Delson Uchôa | Geometria Vingada 2º Ato / Não posso esconder Mondrian
Empowering Certain Geometries
Cristiana Tejo
“What history or stories would we tell if, instead of a bone, which becomes an axe, which becomes a sword, which becomes a pistol, a cannon, a machine gun, and a bomb, we consider that the most important invention of humankind was the object made to contain other objects?” This is the question posed by anthropologist Ursula K. Le Guin in her book A Ficção como Cesta: uma Teoria [Fiction As a Basket: A Theory].¹ That is, if we could learn to admire baskets – their weaving and their function in the (gathering) society they gave rise to – rather than the axe or the spear, and consequently the world that was created based on objects that kill and subjugate, then what could we retell, remake or redo? A history of art based on the basket is perhaps a narrative in which the home, the affections and what nourishes and moves the artist are more important than awards, amounts, biennials and the résumé.
By making paintings with the addition of plant fiber – the basis of baskets, mats and houses of many of the many peoples who have existed since time immemorial in the territory that came to be called Brazil, and of many others who became part of it in the passage of centuries – Delson Uchoa spotlights weaving as the ancestral structure of this country. His paintings have always openly exalted his Northeastern origin, whether through the presence of the “strident” colors and lighting of Brazil’s Northeast, as pointed out by Paulo Herkenhoff, or through countless symbolic and textual references. His return to his homecity of Maceió, after many years in Rio de Janeiro, was essential for the artist’s aesthetic vocabulary to come fully into its own. There is always a sense of unease when we talk about the Northeast in a city like São Paulo. Perhaps because of the counterpoint between a place that exposes the oppressive structures on which the country was founded and the metropolis that tries to embody the dream (or illusion?) of being modern. But as Bruno Latour aptly observed, we have never been modern… Beneath the district of Liberdade [which means “freedom” in Portuguese] there lies the Pelourinho [whipping post] and the first houses of freed enslaved people in what was the fringe of a small village in colonial times. But if modernity is a march that trampled, massacred, erased and decimated, why do they want to be part of it?

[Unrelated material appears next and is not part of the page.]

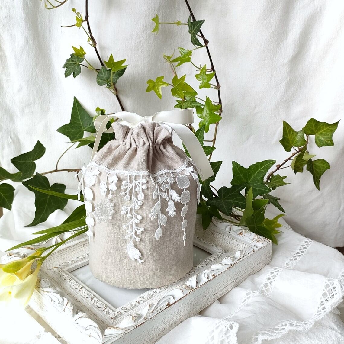 光沢のある白い糸で編まれた繊細なレースをコットンリネンの生地にあしらいました。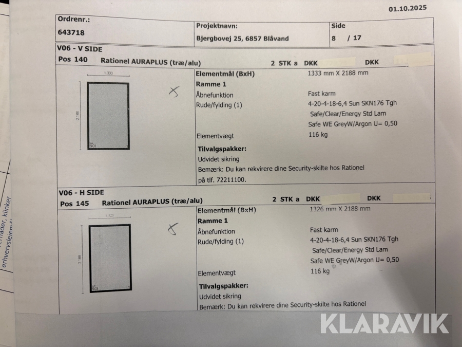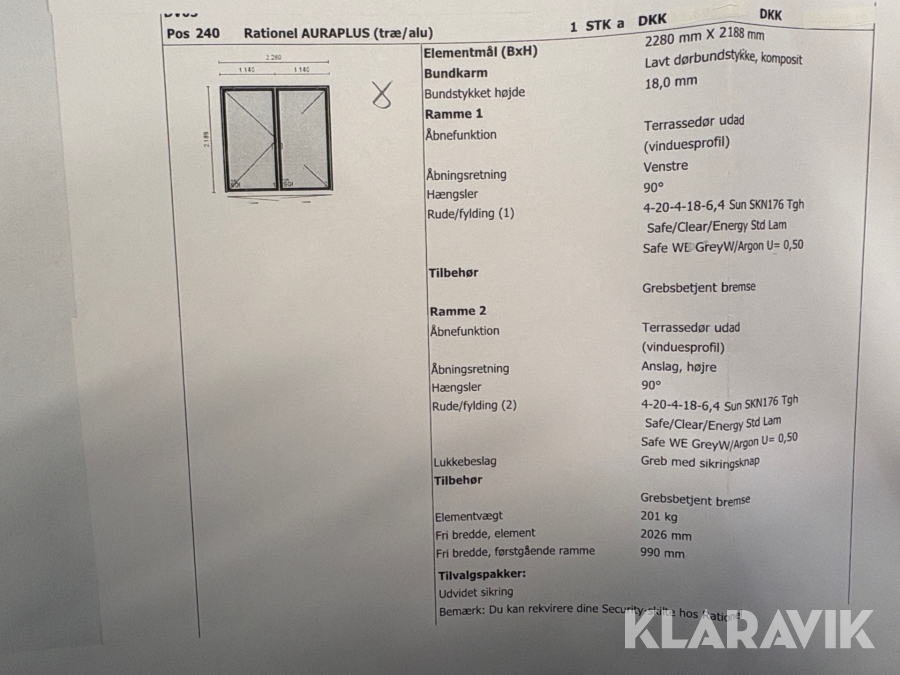 Som køber skal du kontrollere objektet ved afhentning Herefter kan der ikke gøres indvendinger. Hvis objektet adskiller sig væsentligt fra beskrivelsen, skal Klaravik kontaktes inden objektet fragtes (bemærk, at der gælder særskilte vilkår for konkursauktioner). Alle objekt findes hos den sælgende virksomhed, og du som køber har ansvar for afhentning og fragt. Som køber har du 12 dage til at afhente objektet, efter auktionen er afsluttet.

Delson Uchoa’s painting is often a house, a skin, an inhabited painting. The geometry that structures much of his production in the last 20 years comes from the square patterns seen on the tiled floors of houses, a domestic geometry. The resin he uses as a basis in his painting ends up extracting the dust and residues of the house’s floor. The works featured here are based on other geometries, especially those present in Brazilian vernacular architecture, such as the oca (built of wood and straw), the dwelling made with wattle and daub (framework of interlaced thin branches daubed with clay or mud), the house made of rammed earth, as well as the platibanda-style houses of the Brazilian Northeast, a local rereading of an architecture from the Iberian Peninsula, supposedly from a Moorish origin. For people such as the Wayana, Tiriyó, Aparai and Yekuana, the outer covering of the arumã stalks resembles human skin; therefore, when woven, the fibers form the “skin” of the primordial woman as well as that of the fundamental supernatural beings.² The interweaving that Delson adds to his new painting thus refers to other houses and skins, other containers. It is a sort of cartography, a cultural and emotional localization of cities, elements, materials and patterns. Just as Piet Mondrian looks at the grid of New York’s urban layout and the circulation dynamics of the great city of the new empire, Delson Uchoa observes the geometric weave of the houses and the patterns of artifacts from the rural and backcountry regions of the Northeast, and paints their vibrations. But unlike Mondrian, who is astonished by the strange and the different, Delson dives fully into the essence of his own culture.
The rural and backcountry lands are characterized by the resilience of the human and nonhuman beings alike. Not much used in Brazil, the word agreste in Portuguese bears specific connotations related to the dry climatic conditions and soil of Brazil’s Northeast. An intense struggle is needed, however, for life to survive in this territory. Despite all the setbacks, beings and things sprout forth. In the history of art based on the basket it is this geometry that should be empowered, while not forgetting Mondrian.
¹ Le Guin, Ursula K. (2022). A ficção como cesta: uma teoria e outros textos. Lisbon: Dois Dias edições. [That book is the basis for the quotation given here, translated from the Portuguese. It should also be noted that, in English, Le Guin wrote about a “carrier bag,” while the book cited here, published in Portuguese, refers to a cesta (basket). In keeping with the various references to basketry in the present text, this English translation also retains the metaphor of the basket.]
² VELTHEM, Lucia Hussak van. “Trançados indígenas norte amazônicos: fazer, adornar, usar.” Revista de Estudos e Pesquisas, Brasília, v. 4, n. 2, pp. 117–146, Dec. 2007, p. 124.